Please reproduce all of the listing below exactly and drop its images.

Provided data:
──────────────────────────────

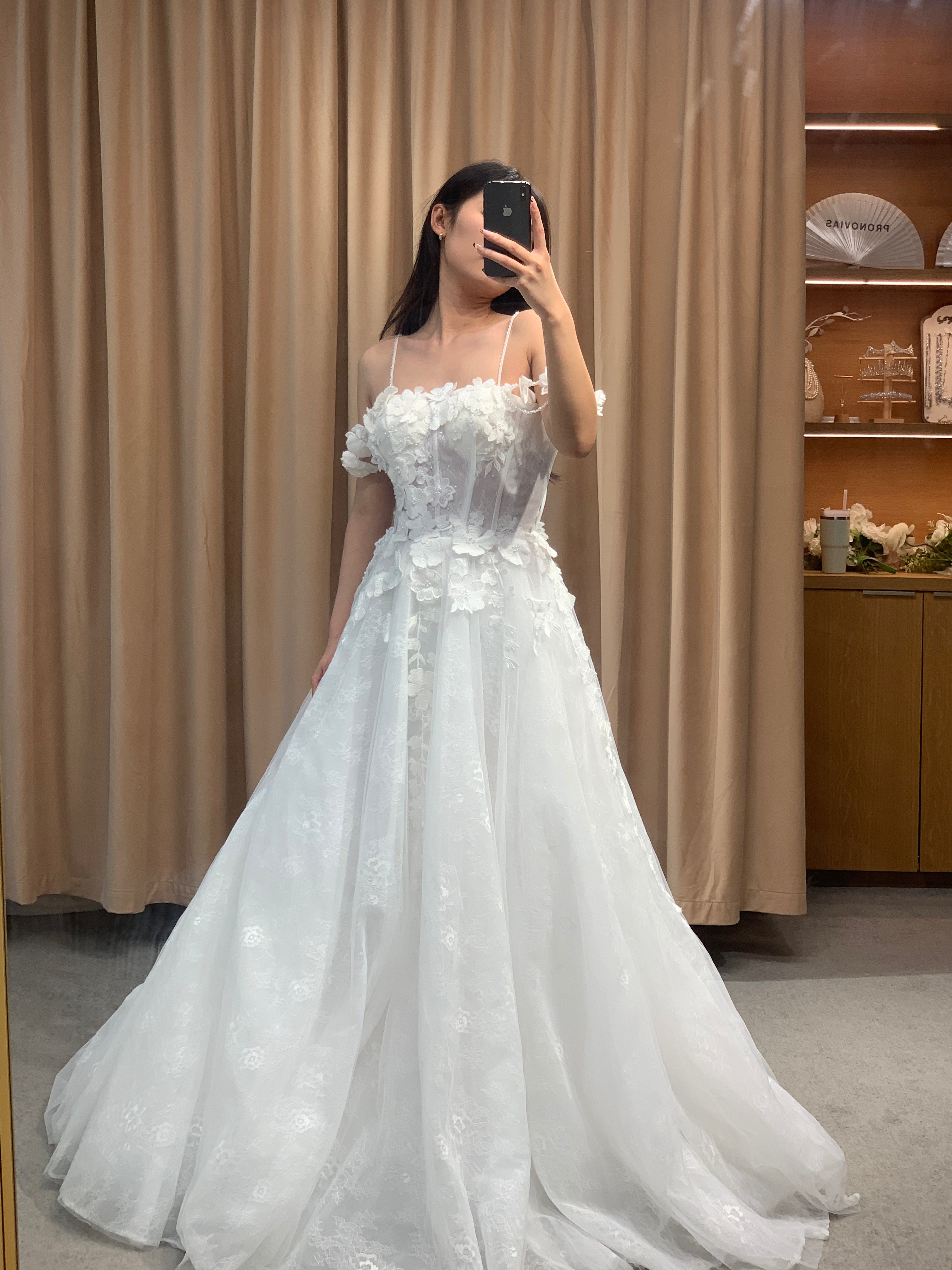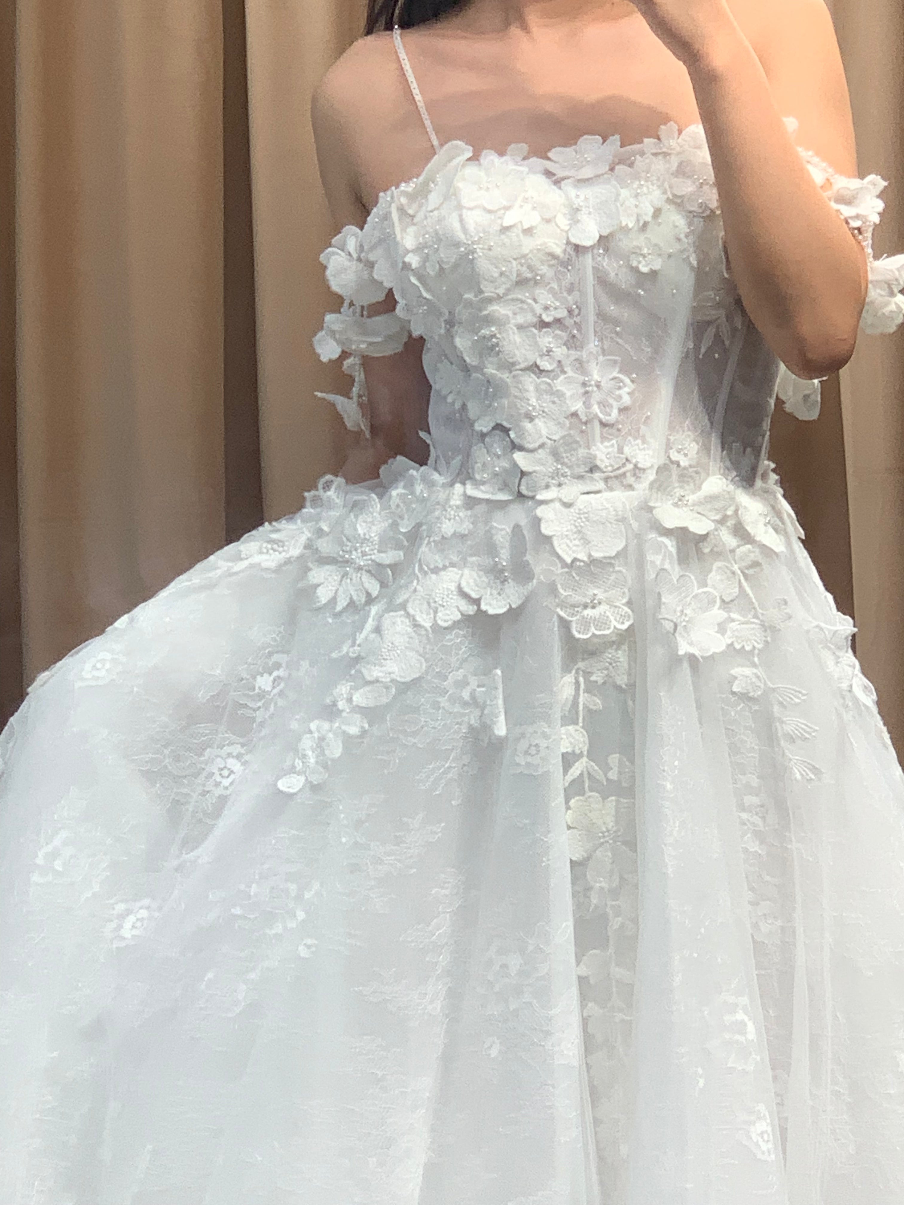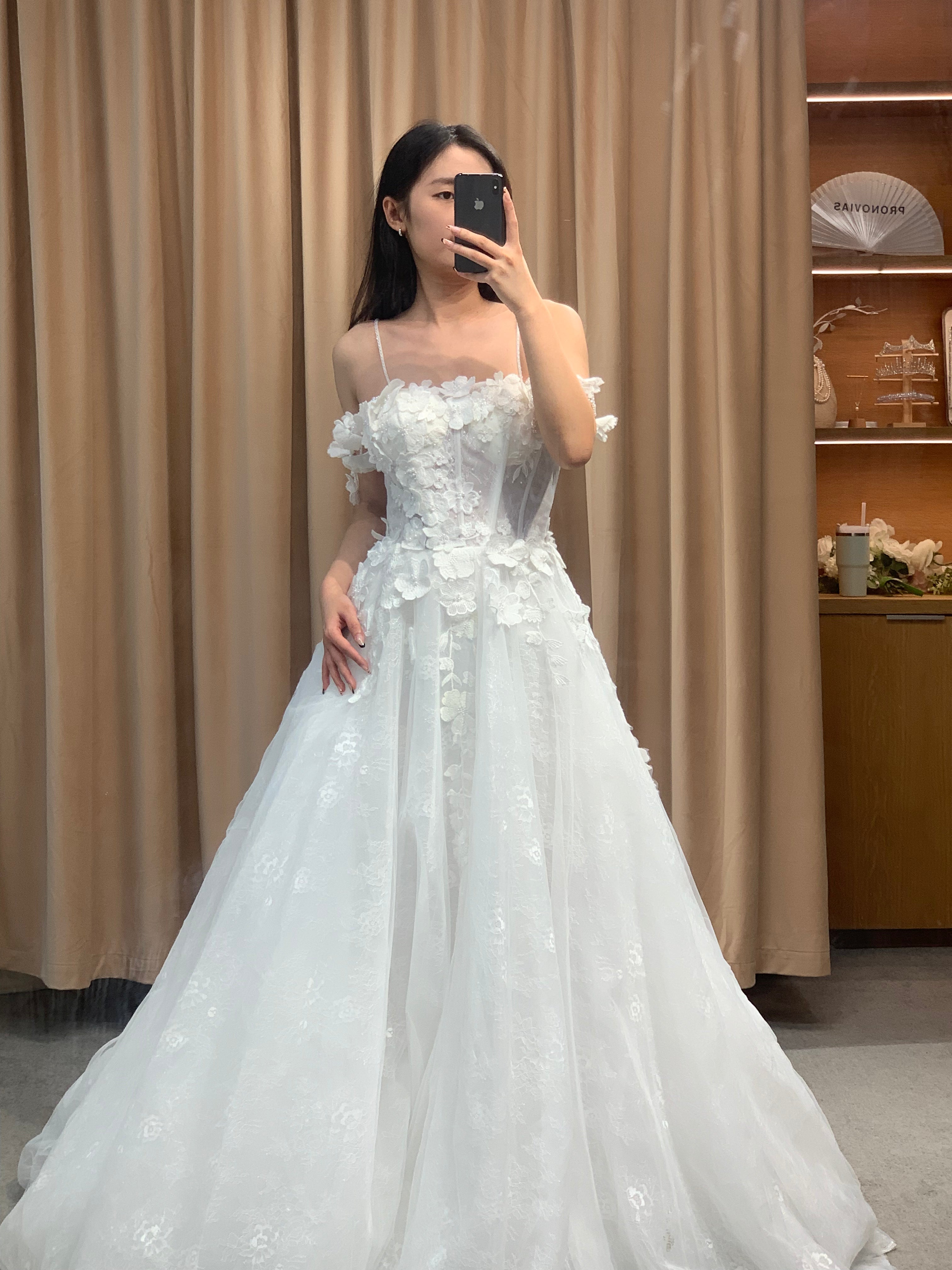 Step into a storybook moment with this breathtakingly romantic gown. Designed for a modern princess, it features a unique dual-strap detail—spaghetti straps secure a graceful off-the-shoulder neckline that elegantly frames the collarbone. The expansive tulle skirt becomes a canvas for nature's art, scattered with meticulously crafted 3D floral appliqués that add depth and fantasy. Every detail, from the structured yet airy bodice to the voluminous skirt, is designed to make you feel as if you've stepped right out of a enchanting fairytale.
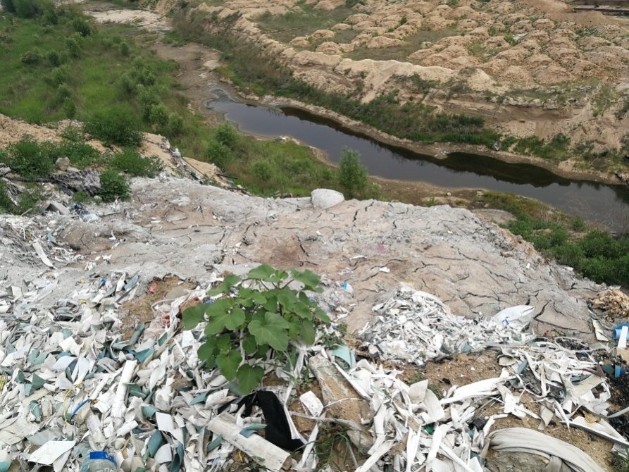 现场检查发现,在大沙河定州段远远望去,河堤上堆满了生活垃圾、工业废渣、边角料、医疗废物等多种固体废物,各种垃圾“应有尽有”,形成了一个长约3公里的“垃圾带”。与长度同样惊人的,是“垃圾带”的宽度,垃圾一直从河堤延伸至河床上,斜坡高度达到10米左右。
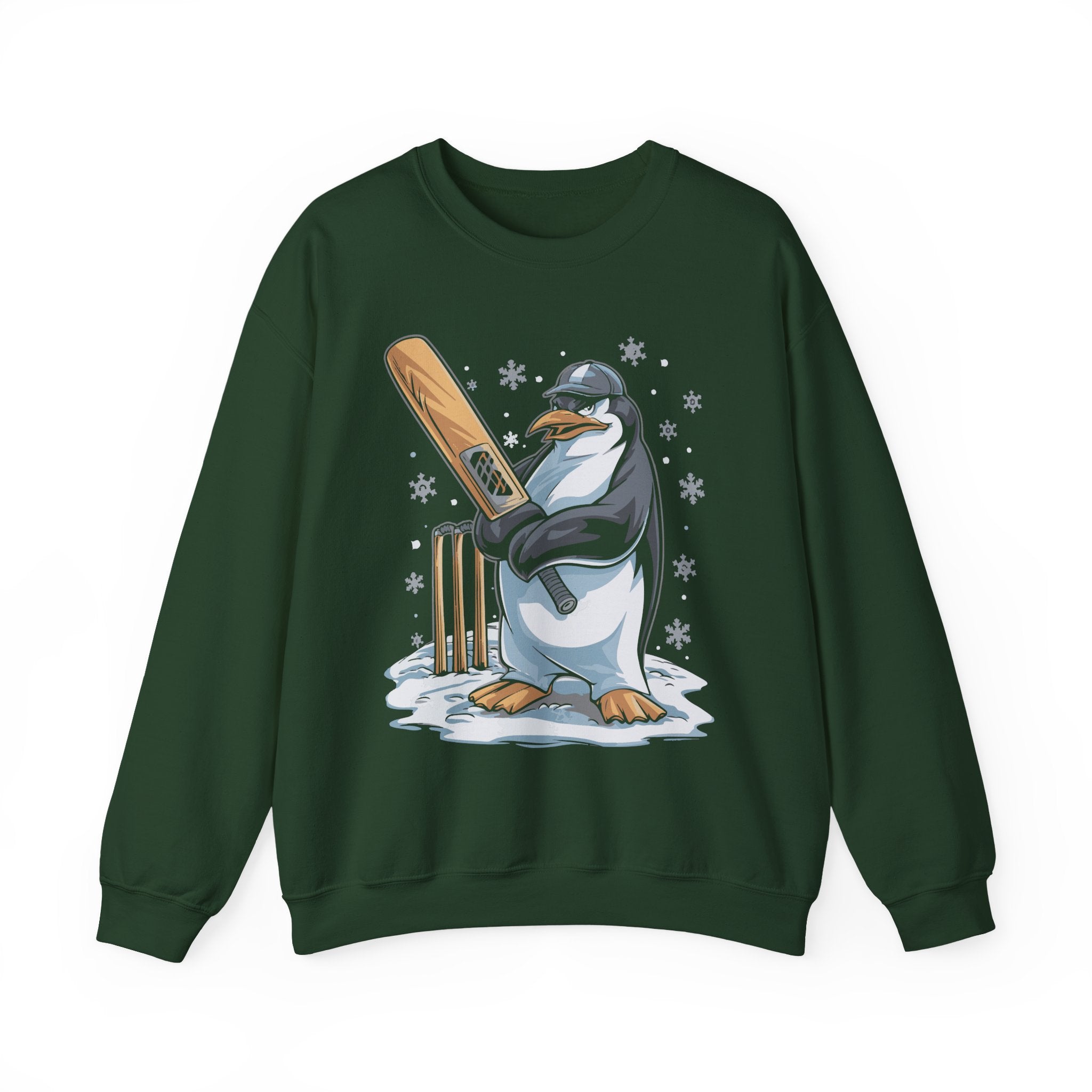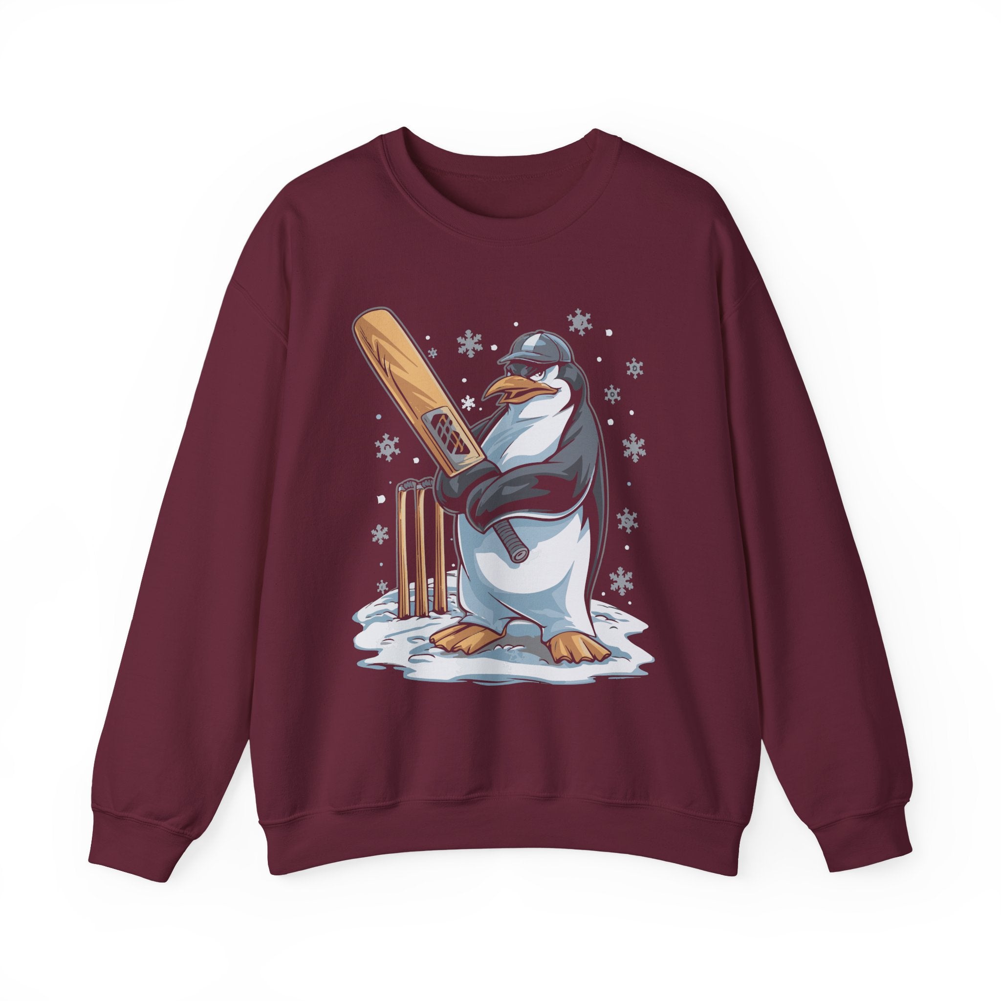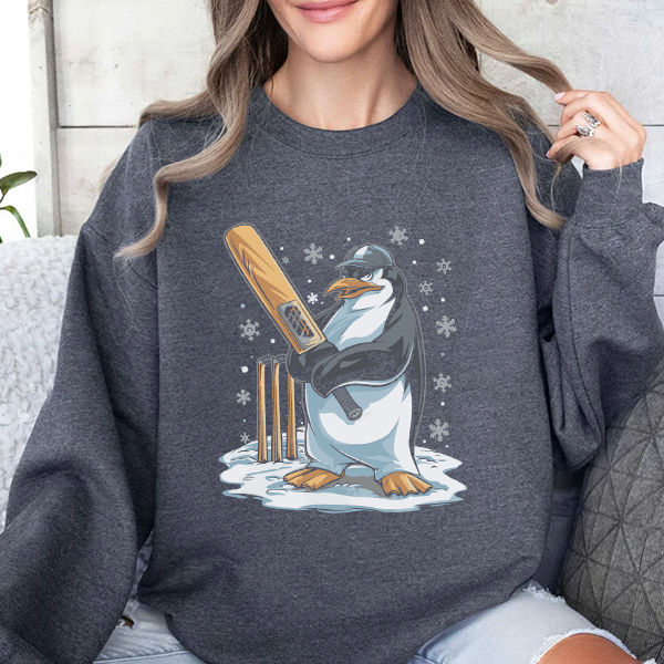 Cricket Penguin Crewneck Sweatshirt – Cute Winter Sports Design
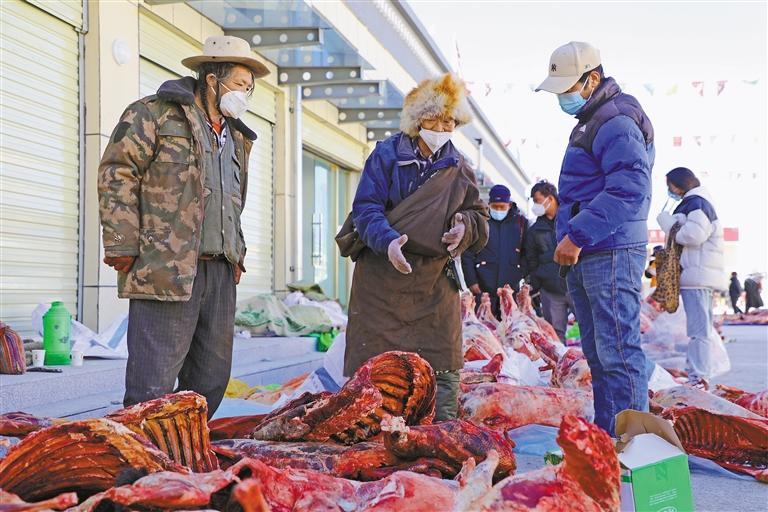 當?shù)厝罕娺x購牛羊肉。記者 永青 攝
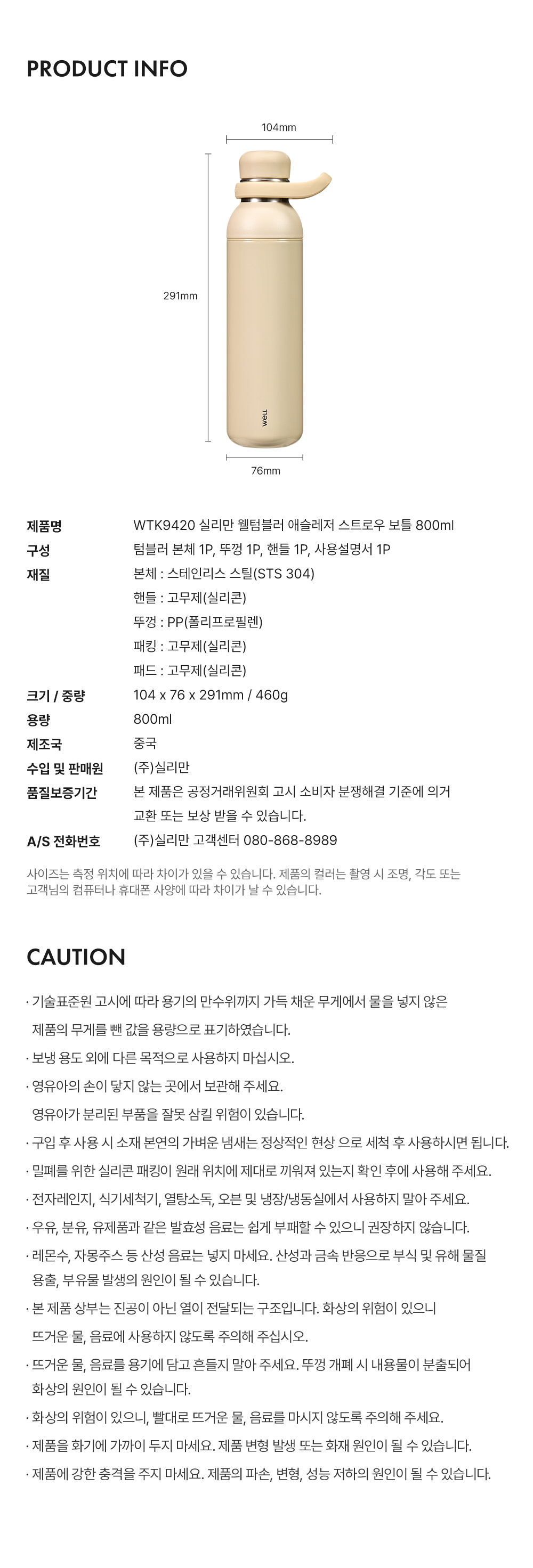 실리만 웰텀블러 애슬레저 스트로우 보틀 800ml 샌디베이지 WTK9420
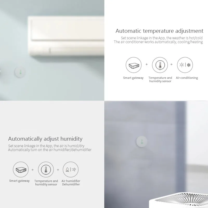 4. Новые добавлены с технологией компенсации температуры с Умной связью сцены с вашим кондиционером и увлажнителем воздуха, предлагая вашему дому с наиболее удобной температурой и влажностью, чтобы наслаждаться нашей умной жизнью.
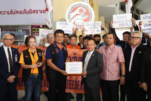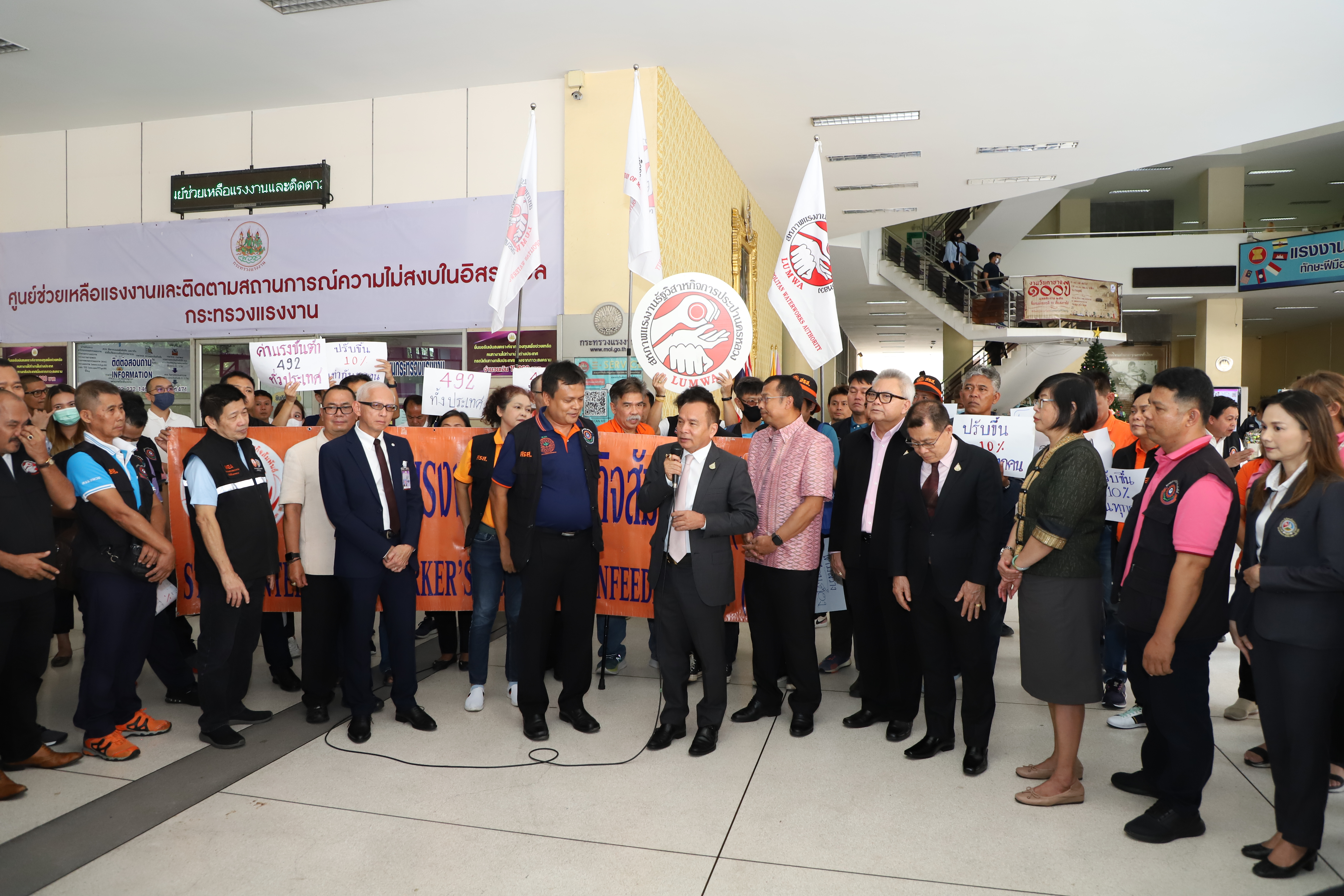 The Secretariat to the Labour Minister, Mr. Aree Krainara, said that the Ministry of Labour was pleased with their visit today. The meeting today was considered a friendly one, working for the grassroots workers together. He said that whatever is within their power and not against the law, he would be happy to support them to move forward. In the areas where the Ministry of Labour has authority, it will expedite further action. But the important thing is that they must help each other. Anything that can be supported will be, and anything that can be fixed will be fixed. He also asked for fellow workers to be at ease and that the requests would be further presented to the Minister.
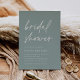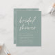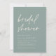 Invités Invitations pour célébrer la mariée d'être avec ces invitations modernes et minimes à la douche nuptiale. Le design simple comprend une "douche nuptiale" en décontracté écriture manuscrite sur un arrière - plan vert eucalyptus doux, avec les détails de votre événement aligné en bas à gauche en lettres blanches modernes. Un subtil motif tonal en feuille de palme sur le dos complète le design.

──────────────────────────────

Answer section:
 Step into a storybook moment with this breathtakingly romantic gown. Designed for a modern princess, it features a unique dual-strap detail—spaghetti straps secure a graceful off-the-shoulder neckline that elegantly frames the collarbone. The expansive tulle skirt becomes a canvas for nature's art, scattered with meticulously crafted 3D floral appliqués that add depth and fantasy. Every detail, from the structured yet airy bodice to the voluminous skirt, is designed to make you feel as if you've stepped right out of a enchanting fairytale.
 现场检查发现,在大沙河定州段远远望去,河堤上堆满了生活垃圾、工业废渣、边角料、医疗废物等多种固体废物,各种垃圾“应有尽有”,形成了一个长约3公里的“垃圾带”。与长度同样惊人的,是“垃圾带”的宽度,垃圾一直从河堤延伸至河床上,斜坡高度达到10米左右。
 Cricket Penguin Crewneck Sweatshirt – Cute Winter Sports Design
 當?shù)厝罕娺x購牛羊肉。記者 永青 攝
 실리만 웰텀블러 애슬레저 스트로우 보틀 800ml 샌디베이지 WTK9420
 4. Новые добавлены с технологией компенсации температуры с Умной связью сцены с вашим кондиционером и увлажнителем воздуха, предлагая вашему дому с наиболее удобной температурой и влажностью, чтобы наслаждаться нашей умной жизнью.
 The Secretariat to the Labour Minister, Mr. Aree Krainara, said that the Ministry of Labour was pleased with their visit today. The meeting today was considered a friendly one, working for the grassroots workers together. He said that whatever is within their power and not against the law, he would be happy to support them to move forward. In the areas where the Ministry of Labour has authority, it will expedite further action. But the important thing is that they must help each other. Anything that can be supported will be, and anything that can be fixed will be fixed. He also asked for fellow workers to be at ease and that the requests would be further presented to the Minister.
 Invités Invitations pour célébrer la mariée d'être avec ces invitations modernes et minimes à la douche nuptiale. Le design simple comprend une "douche nuptiale" en décontracté écriture manuscrite sur un arrière - plan vert eucalyptus doux, avec les détails de votre événement aligné en bas à gauche en lettres blanches modernes. Un subtil motif tonal en feuille de palme sur le dos complète le design.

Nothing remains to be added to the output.